- _Activity_:
In this exercise, retype exactly the lines from the start of the entries through the line bearing "Лот 9 с кадастровым", leaving every picture out.

- _Provided information_:
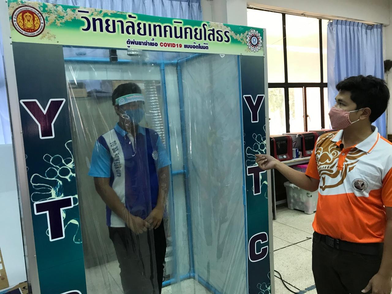 ทีมอาจารย์นักศึกษาเทคนิคยโสธร สร้างตู้พ่นยาฆ่าเชื้ออัตโนมัติ และเครื่องฆ่าเชื้อไวรัสโควิด-19 ด้วยรังสียูวี ป้องกันโควิด-19 เพื่อช่วยเหลือชาวยโสธรให้มากที่สุดในการผ่านวิกฤติโรคระบาดนี้
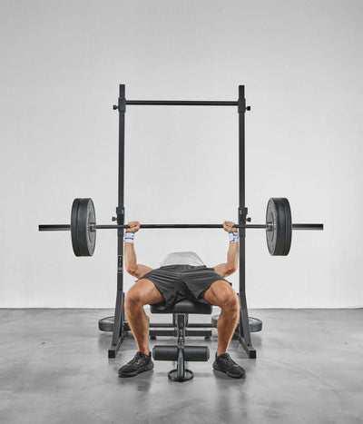 ➡️ Adjust the height of the bar supports and switch from bench press to incline bench press or even decline bench press in seconds.
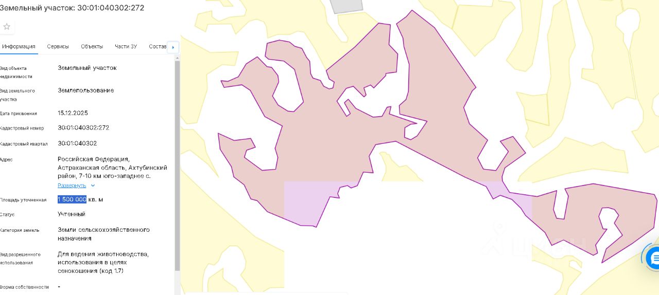 Лот 9 с кадастровым номером 30:01:040302:272, площадью 1 500 000 кв. м, расположенный по адресному ориентиру: Российская Федерация, Астраханская область, Ахтубинский район, 7-10 км юго-западнее с. Золотуха Ахтубинского района Астраханской области, вид разрешенного использование земельного участка Для ведения животноводства, использования в целях сенокошения (код 1.7).
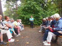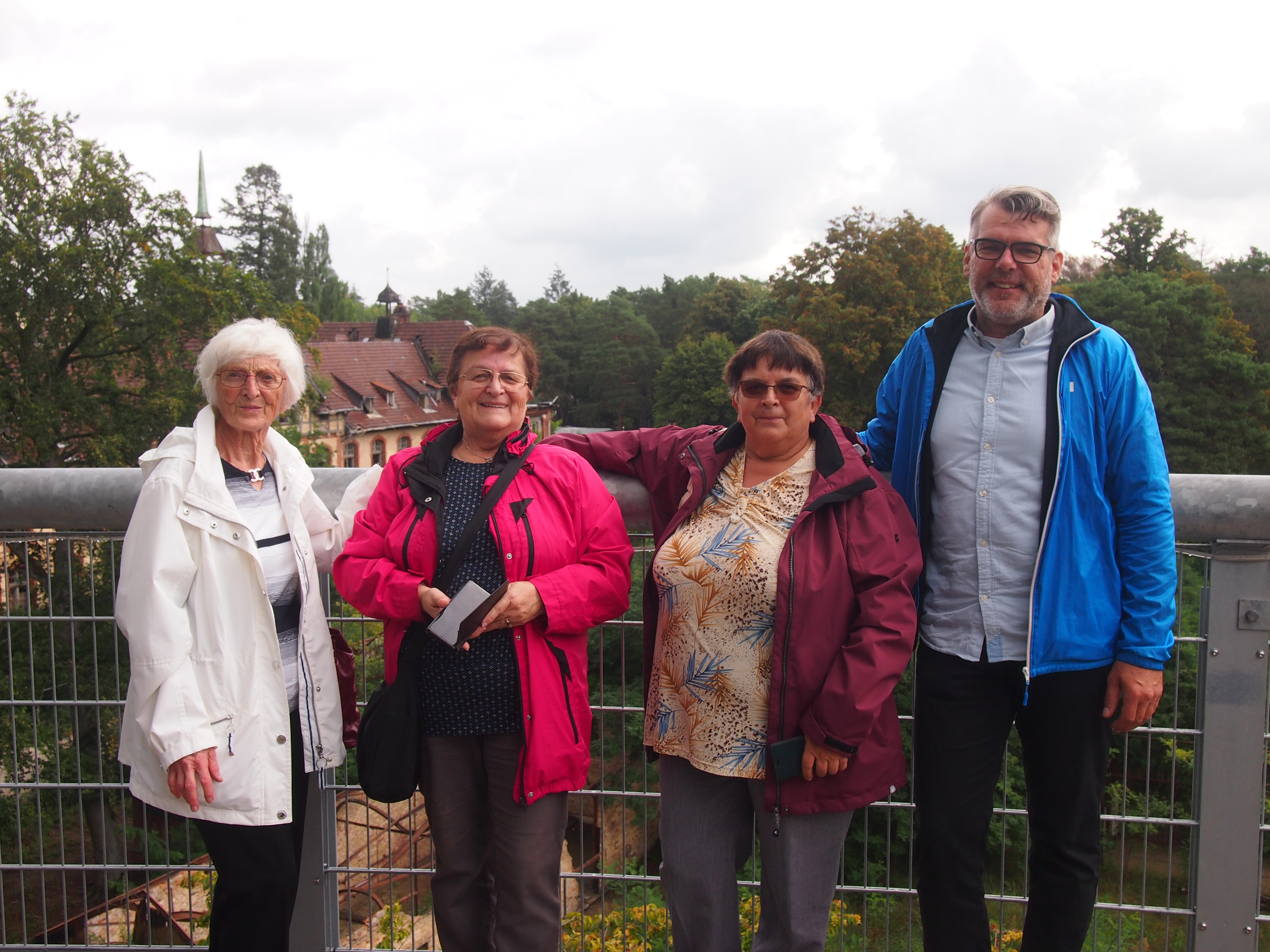 27 Mieterinnen und Mieter sind am 11. September mit ihrer 1893 nach Beelitz zum Besuch der sagenumwobenen Heilstäten gefahren um in die Geschichte dieses Riesenareals einzutauchen. Pünktlich zu unserer Führung verzog sich auch der Regen. Ein freundlicher Schweizer Historiker nahm uns mit auf eine Reise zum Ende des 19. Jahrhunderts, wo die ersten Gebäude der Beelitzer Heilstätten mit einem unglaublichen Sachverstand der Ingenieure erbaut worden um die nicht nur im nahen Berlin grassierende Tuberkulose in den Griff zu bekommen. Das Areal ist wunderbar verwildert, die einzelnen Gebäude zum Teil immer noch begehbar. Inmitten der Gebäude gibt es immer wieder Gelegenheiten zur Rast, Spielplätze, Sandkästen und Imbissmöglichkeiten. Auch wir genießen ein Mittagessen inmitten des Waldes. Der Baumwipfelpfad lädt zusätzlich ein, die verfallen Gebäude auch von oben zu betrachten und sich einen Überblick über das weiträumige Waldstück zu verschaffen.
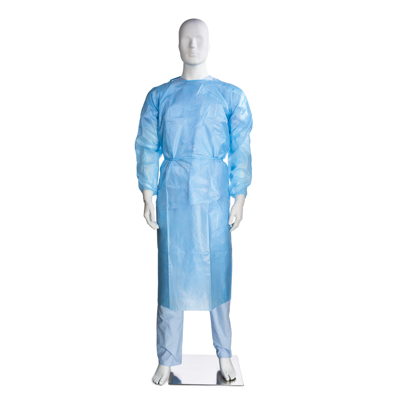 Der Schutzkittel mit Stoffbündchen besteht aus PP + PE, ist wasserabweisend, atmungsaktiv und hygienisch.
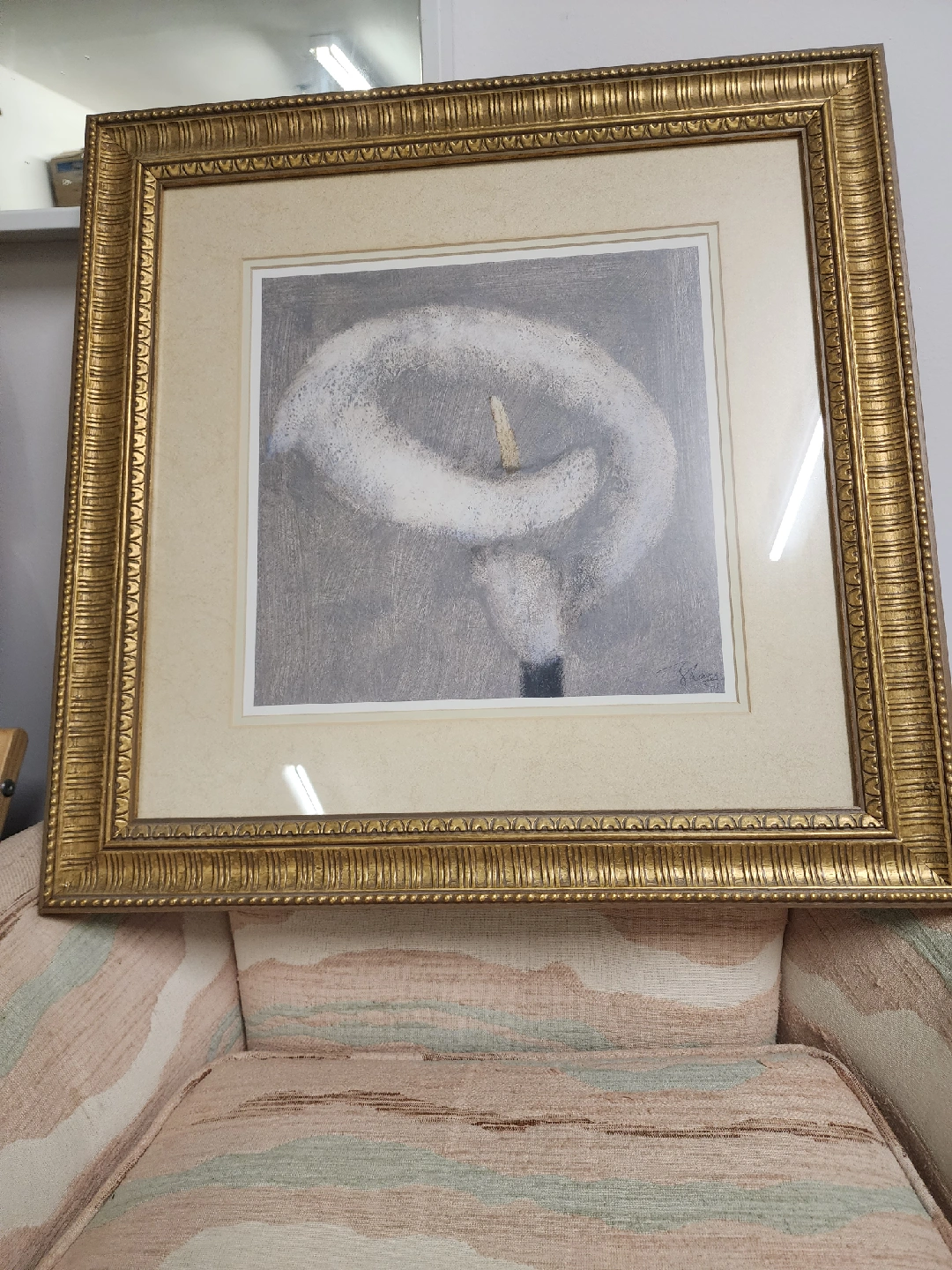 A lovely framed print featuring a floral design! The frame has an ornate gold finish. It would be a great addition to any room
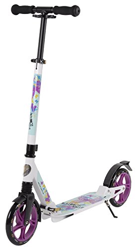 -. Feature : Lightweight premium Scooter made of high quality Aluminium / Huge carrying capacity up to 100 KG (220 lbs). This long lasting scooter will grow with your child. Great for adults too! / Lower foot board prevents leg fatigue / Fender/spray protection on both wheels keeps the rider clean and dry. / Giant 205 mm wheels ensure a smoother ride

- _Task response_:
 ทีมอาจารย์นักศึกษาเทคนิคยโสธร สร้างตู้พ่นยาฆ่าเชื้ออัตโนมัติ และเครื่องฆ่าเชื้อไวรัสโควิด-19 ด้วยรังสียูวี ป้องกันโควิด-19 เพื่อช่วยเหลือชาวยโสธรให้มากที่สุดในการผ่านวิกฤติโรคระบาดนี้
 ➡️ Adjust the height of the bar supports and switch from bench press to incline bench press or even decline bench press in seconds.
 Лот 9 с кадастровым номером 30:01:040302:272, площадью 1 500 000 кв. м, расположенный по адресному ориентиру: Российская Федерация, Астраханская область, Ахтубинский район, 7-10 км юго-западнее с. Золотуха Ахтубинского района Астраханской области, вид разрешенного использование земельного участка Для ведения животноводства, использования в целях сенокошения (код 1.7).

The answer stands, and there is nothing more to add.